HK Magazine: “Smells Like Teen Spirit” – swings?
Paul Anka: Yeah. Dave Grohl was the first to call me up afterwards. He said, “I didn’t even know the words until now!” It’s important to get people to hear these songs on a different emotional level.
HK: How well do you know Hong Kong?
PA: Really well. I was there in ’59 and they asked me to leave the city because there were 10,000 screaming fans at the airport. I played there during the Handover celebrations. I rewrote “My Way” for Uncle Ray. It’s such a condensed place, but it gives you a real special vibe. I was there recently because I’ve been going to Macau with Steve Wynn, who is building a casino there. When he opens that casino it’s going to be really special and I’ll come back for that.
HK: You must have really seen Vegas change...
PA: I watched it evolve from a mob-owned place (which was run very well, by the way). You shook a hand and had a deal. Every door was left open. There was no crime. It’s run as a business today. I know all the guys that run it now. It’s Disneyland for adults, and Macau will be a variation of it.
HK: Tell us a story from the good ol’ Vegas days.
PA: You’re a young kid sitting in a hotel bar with Sinatra in Vegas and you find out that Howard Hughes has just bought the hotel.

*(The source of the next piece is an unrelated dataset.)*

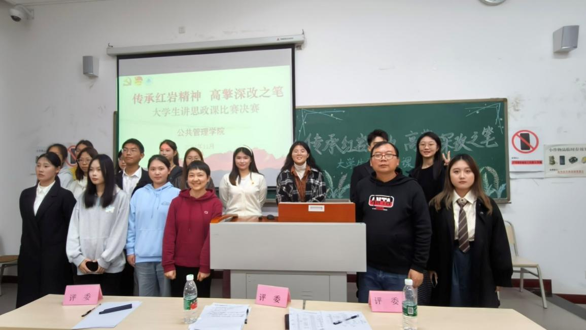 为深入学习党的二十届三中全会精神,传承与弘扬红岩精神,推动我校“大思政课”建设,11月12日中午,由马克思学院主办、公共管理学院承办的第十二届“大思政课”铸魂育人活动之“传承红岩精神,高擎深改之笔” 大学生讲思政课比赛决赛在教学楼1504教室举行。陈开江老师、高雪莲老师、阳圆老师担任评委。

Sinatra gets up to get some money and Mr. Hughes suddenly doesn’t want to give it to him. You see Sinatra get up on a casino table. He’s up there screaming, “It was sand when they built it and it will be sand when I’m done with it.” A man named Cohen comes out of his office to see what is going on. Cohen is a wonderful man who then goes back to his room. He’s sitting there with a pot of coffee on the table. Sinatra walks in, drunk and yelling. Cohen says, “Frank, you can’t go acting that way in here.” Frank yells, “You fat Jew bastard!” and flips the table over. Cohen gets up, punches Sinatra, and his teeth literally go flying all over the room. I’m watching all this. What happened then is they put him on a private plane to get his teeth fixed and nobody heard about it again. That’s my story.